|Tested species reactivity||Human|
|Host / Isotype||Rabbit / IgG|
|Immunogen||Synthetic peptide corresponding to residues 5-19 of human DRAK1.|
|Purification||Antigen affinity chromatography|
|Contains||0.02% sodium azide|
|Storage Conditions||-20° C, Avoid Freeze/Thaw Cycles|
|Tested Applications||Dilution *|
|Western Blot (WB)||Assay Dependent|
* Suggested working dilutions are given as a guide only. It is recommended that the user titrate the product for use in their own experiment using appropriate negative and positive controls.
A suggested positive control for this product is MOLT4 or A431 whole cell lysate.

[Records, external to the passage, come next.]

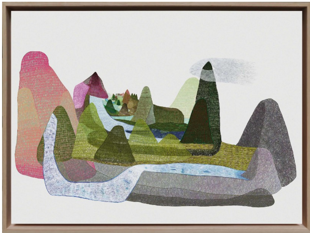
Biostasie 13 , impression jet d'encre sur papier Museum Canson 315 g/m 2 contrecollé sur aluminium, 55 x 73 cm, 2021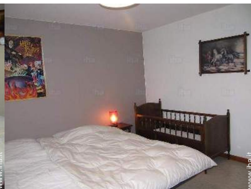
letto (i) bambino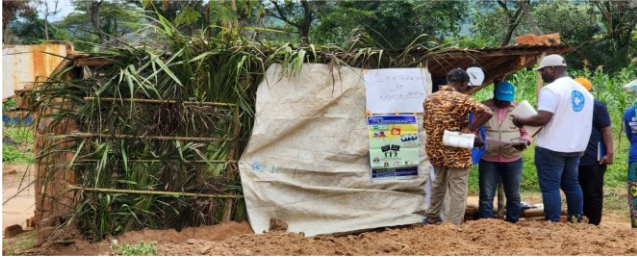
Le CS de l'AS Kabeya Mukena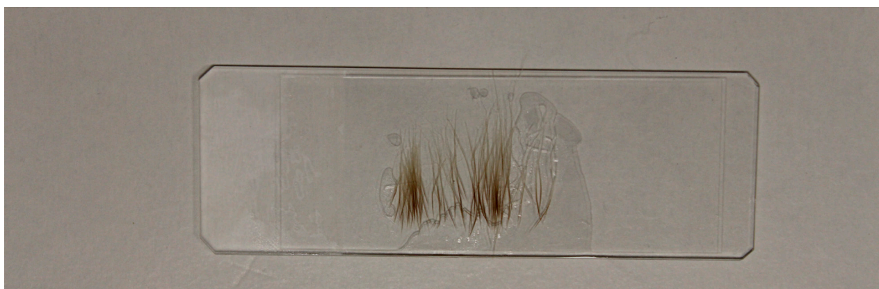
Figura 4: muestra sobre portaobjetos con aceite mineral con pelos paralelos entre sí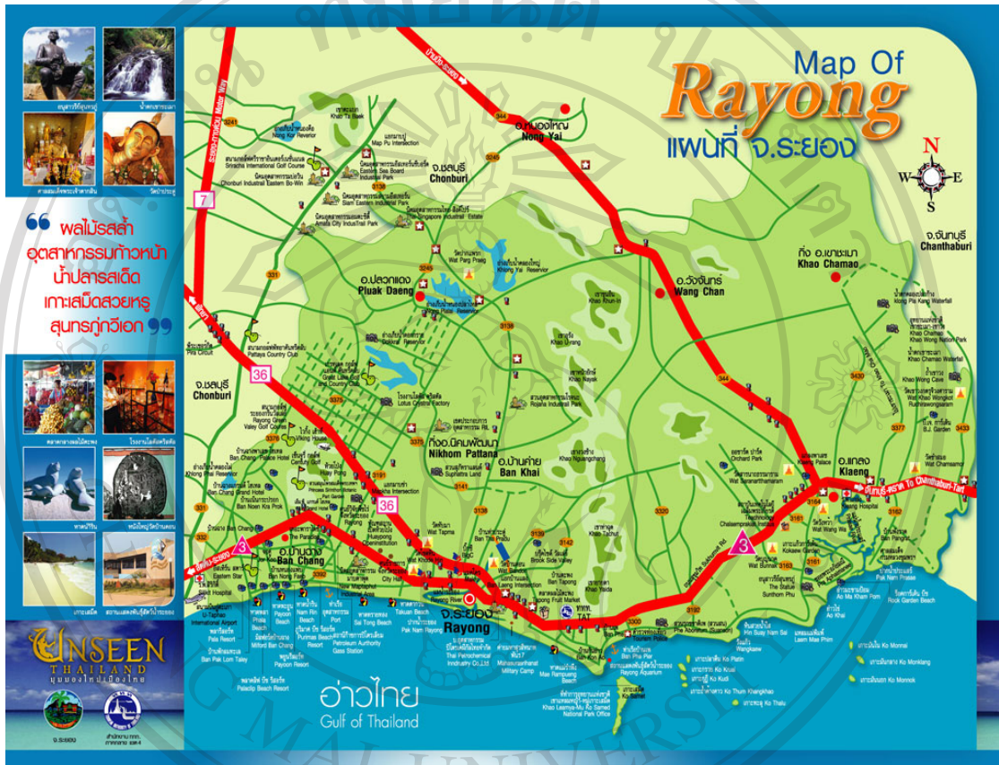
ภาพ 1 ภาพแสดงแผนที่จังหวัดระยอง

ลิขสิทธิ์มหาวิทยาลัยเชียงใหม่ Copyright© by Chiang Mai University All rights reserved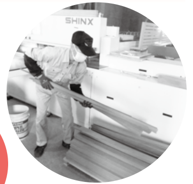
シルバー派遣事業

会員の方々はお互い助け合いながら、いろいろな仕事に従事しています。 役員は会員等の中から選ばれ、自主的な運営を行っています。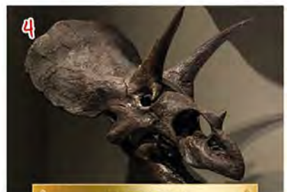
TRICERATOPS TRICERÁTOPS • TRICERATOPO 250 OS - BONES KNOCHEN • BEENDEREN HUESOS • OSSA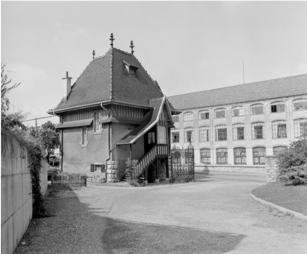
Conciergerie. Vue depuis le sud-est en 1981. SRI. Enquête régionale sur les bâtiments industriels (1979-1981). 90, Beaucourt, 7 rue Frédéric Japy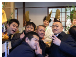
33.全員で縁起がいいポーズで記念撮影しました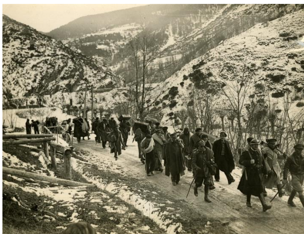
Esteve Subirah, Forma 17 , 2014

resultado de prejuicios y deseos que proyectamos sobre estas representaciones, de tal manera que queda en suspenso la relación semántica entre paisaje e imagen.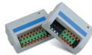
Módulos de 8 estaciones y de 4 estaciones

Apoptosis is mediated by death domain containing adapter molecules and a caspase family of proteases. Certain serine/threonine protein kinases, such as ASK-1 and RIP, are mediators of apoptosis. Two novel serine/threonine kinases that induce apoptosis were recently identified and designated DRAK1 and DRAK2 for DAP kinase-related apoptosis-inducing protein kinases1. DRAKs contain an N-terminal kinase domain and a C-terminal regulation domain. Overexpression of DRAK1 induces apoptosis. DRAKs have high sequence homology to DAP and ZIP kinases, and they represent a novel family of serine/threonine kinases, which mediates apoptosis through their catalytic activities. DRAK1 is located in nucleus and the messenger RNA was ubiquitously expressed in human tissues.
For Research Use Only. Not for use in diagnostic procedures. Not for resale without express authorization.